960 640 Stuart O'Brien

Cybersecurity is now in the midst of an unprecedented challenge. While the scale, complexity and financial impact of data breaches and cyber attacks continue to increase, the pool of skilled professionals to fill security roles is dwindling.

According to research in March from the Department for Digital, Culture, Media and Sport, approximately 653,000 (48%) businesses have a basic skills gap, which means that those in charge of cybersecurity at those organisations lack the confidence to carry out the tasks laid out in the Government-backed Cyber Essentials scheme and do not have external support to do so. 

In practice, this means that almost half of UK businesses are unable to tackle the cybersecurity basics, such as setting up firewalls, storing or transferring personal data and detecting and removing malware. A further 408,000 organisations have “more advanced skills gaps”, covering areas such as penetration testing and security architecture.

Being unable to recruit skilled talent is simply exacerbating this problem, with employers identifying 35% of their security vacancies in the last three years as “hard to fill”.

Security teams are now being tasked with greater responsibility than ever, including getting entire workforces mobilised to work from home efficiently and securely, while battling a changing threat landscape. In light of the challenges they face today, it is more important than ever to take an intelligent, cloud-native approach to endpoint security.

We spoke to Adam Philpott, EMEA president at McAfee, about ways of managing the skills gap without compromising on security…

What can be done to tackle the skills gap issue in cybersecurity?

“To tackle such a complex issue requires both “top-of-the-funnel” intervention and investment from government organisations, but also collaboration across the cybersecurity industry and concrete measures from companies themselves.

“We can try to bring talent in further down the line, for example training employees later in their careers, but ensuring we have more talent available in the first place is essential. That is why nationwide investments in training in the technology sector, such as the establishment of a new UK Cyber Security Council to provide a framework for cybersecurity qualifications, are crucial and instrumental to closing the widening skill gap.

“However, there’s much that individual businesses can do to tackle the issue at their level, including implementing initiatives (whether it’s in collaboration with others in the industry or on their own) to promote greater diversity and attract more talent. For example, at McAfee we are targeting talent from outside of IT and security for many roles – an approach that requires thoughtful support mechanisms for onboarding and ongoing development.”

How much of an impact is a lack of diversity having on the wider skills gap, and how can it be combatted?

“A lack of diversity in recruitment processes, often coming through unconscious bias, means that businesses are missing out on large parts of the talent spectrum. This leads to slower progress in tackling the technical skills gap currently facing the industry.

“Building diverse teams should be a no-brainer for businesses, as doing so has clear benefits – from boosting creativity to achieving greater financial success. Companies in the top quartile for gender diversity are 15% more likely to have financial returns above their respective national industry medians, as well as benefitting from a wider bank of perspectives and expertise to draw on. Above all, diversity in the workforce is attractive to new talent and leads to better problem solving as well as improved service for customers of all backgrounds and perspectives.

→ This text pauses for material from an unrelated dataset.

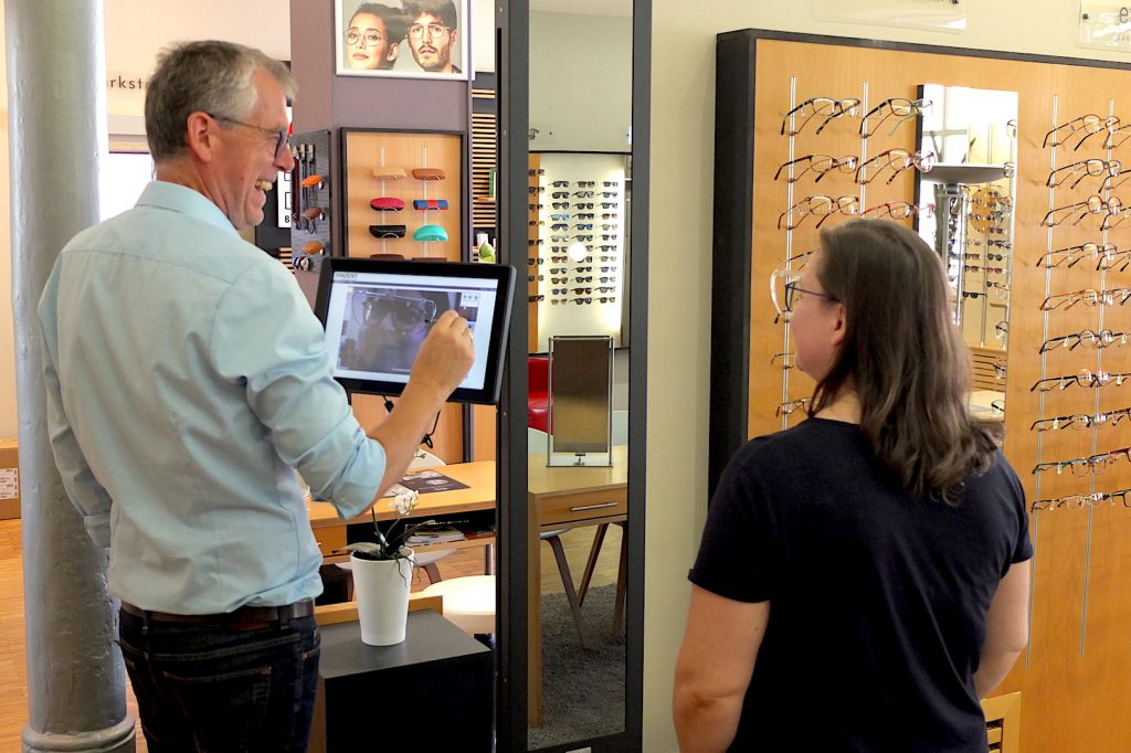 Die eingebaute Kamera kann Bilder und Videos von Ihnen mit Ihrer neuen Brille machen. Sie können dadurch mehrere Fotos und Filmsequenzen miteinander vergleichen. Das macht die Auswahl an Form und Farbe noch leichter.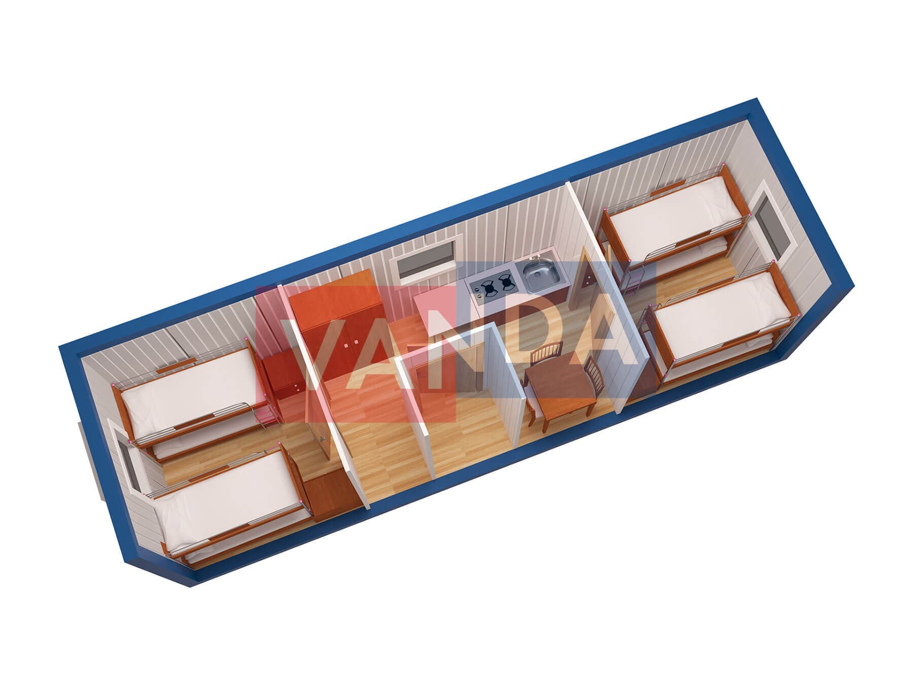 Металлическая бытовка с кухней в тамбуре 5,85 x 2,4 - Оргалит ДВП

“When working to combat the skills gap, companies should aim to weave diversity into every single process, programme and initiative. In practice, this means constantly thinking about different ways to access a more diverse talent pool, such as implementing flexible working practices. Alongside this, it’s important that companies are addressing the problem in the recruitment and interview processes, to ensure that hiring is as fair as possible. For instance, if an organisation is looking to recruit a better balance of men and women, it could change the wording in job adverts to make them more gender neutral or ensure that there is at least one woman on every interview panel making a recruitment decision on a candidate.”

How can organisations ease the burden on stretched IT teams without compromising on security?

“The average IT department manages thousands of endpoints, from desktops to IoT devices and everything in-between. Unfortunately, many security solutions simply dump too much information on stretched security teams and rely on senior analysts to investigate threats. When the skills gap issue is factored in, this can lead to serious holes in an organisation’s security posture.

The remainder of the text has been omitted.